RAFTING DI SUNGAI SERAYU:GILA DAN NEKAD
Tanggal 8 January sore saya tiba di
Yogya sekitar pukul 16:30. Perjalanan dari Solo menuju Yogya
cukup cepat dan lancar, karena saya naik bus Surabaya - Yogya,
hanya walaupun di bus tertulis AC, tapi kenyataannya AC-nya tidak
hidup.
Philip dan Yulie dan tiba di Yogya sejak pukup 10:00 pagi. Saya
pikir gila juga dua anak itu. Malam lebaran mereka berangkat dari
Jakarta naik bus (tentu saja gambling apakah jalanan macet atau
tidak), dan tanggal 9 malam selesai rafting harus langsung balik
Jakarta lagi, karena tanggal 10 sudah harus masuk kerja. Kalau
saya, dengan waktu mepet seperti itu tentu saja masih berpikir
panjang, paling tidak saya akan berpikir untuk bolos kantor demi
untuk rafting. Saya rencana rafting inipun dikarenakan kebetulan
saya mudik lebaran, jadi bisa sekalian jalan.
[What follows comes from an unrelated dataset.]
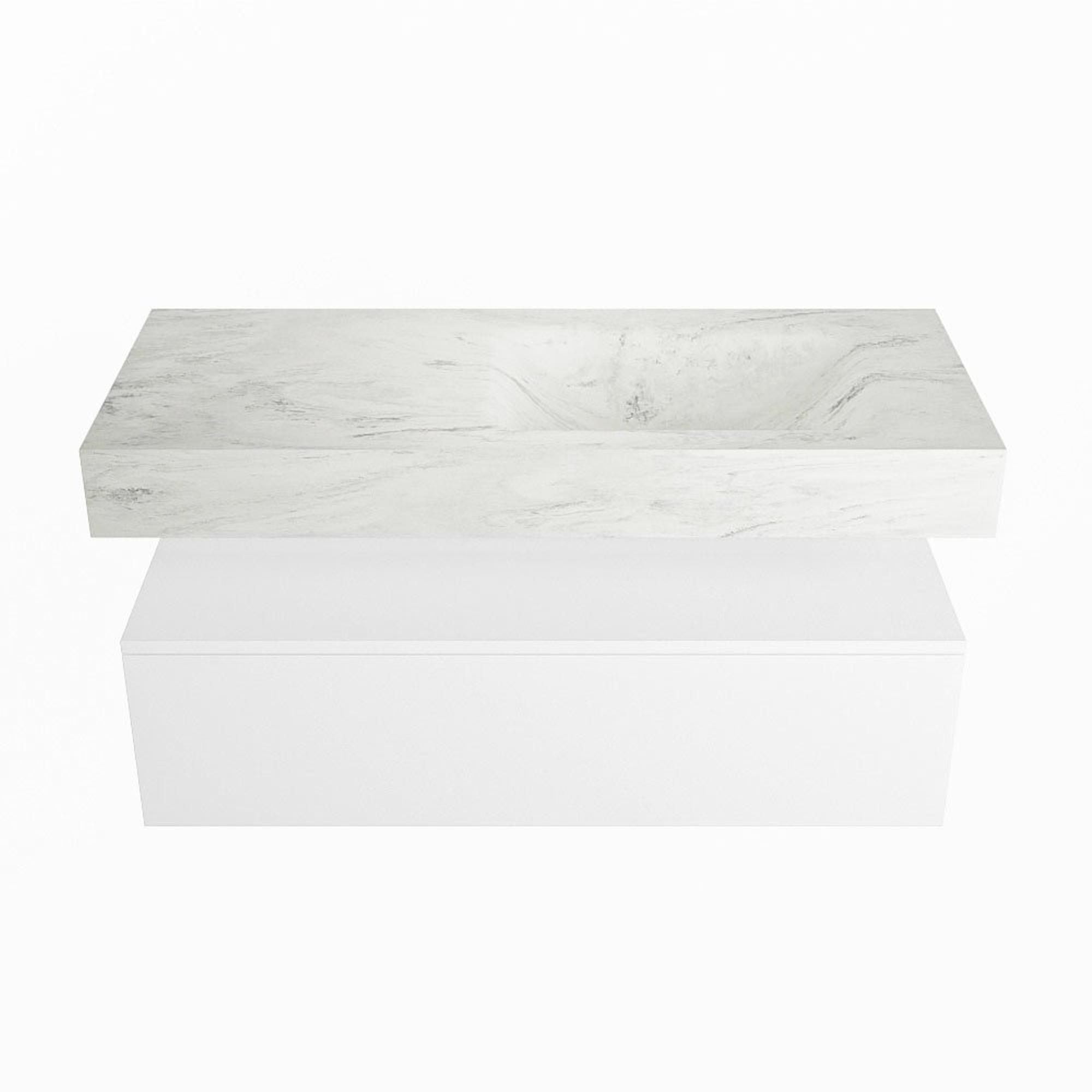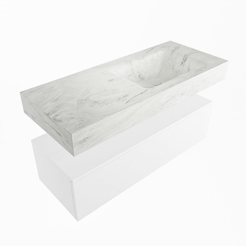 MONDIAZ ALAN - DLUX Badkamermeubelset - 110cm - onderkast - Talc - 1 lade - vrijhangende wastafel - wasbak rechts - 1 kraangat - Opalo

Setiba di Hotel, Yulie memberitahu bahwa mereka sudah pesan
ticket ke Jakarta lewat travel. Berangkat jam 17:00 Wah gawat!
padahal perjalanan Yogya Wonosobo sekitar 3 jam. Kita selesai
rafting saja, pukul 14:00, jadi waktunya mepet sekali. Akhirnya
setelah berdiskusi bertiga, kita putuskan untuk membatalkan tiket
dari travel dan pulang dari Wonosobo langsung. Walaupun agak
gambling juga, mengingat hari Lebaran, tiket sudah pasti banyak
yang sudah terjual.
Selesai mengurus pembatalan tiket (rugi bandar juga, sebab
cancelation fee-nya 50%), kita langsung cari makanan di sepanjang
Maliboro. Mungkin karena stress, bawaannya langsung lapar. Wah,
ternyata Malioboro sekarang jadi banyak berubah. Pedagang kaki
limanya makin banyak dan berjejal. Makanan yang dijual di pinggir
jalan, selain mahal, rasanya juga tidak keruan. Pokoknya kondisi
Malioboro sekarang sudah tidak senyaman dulu.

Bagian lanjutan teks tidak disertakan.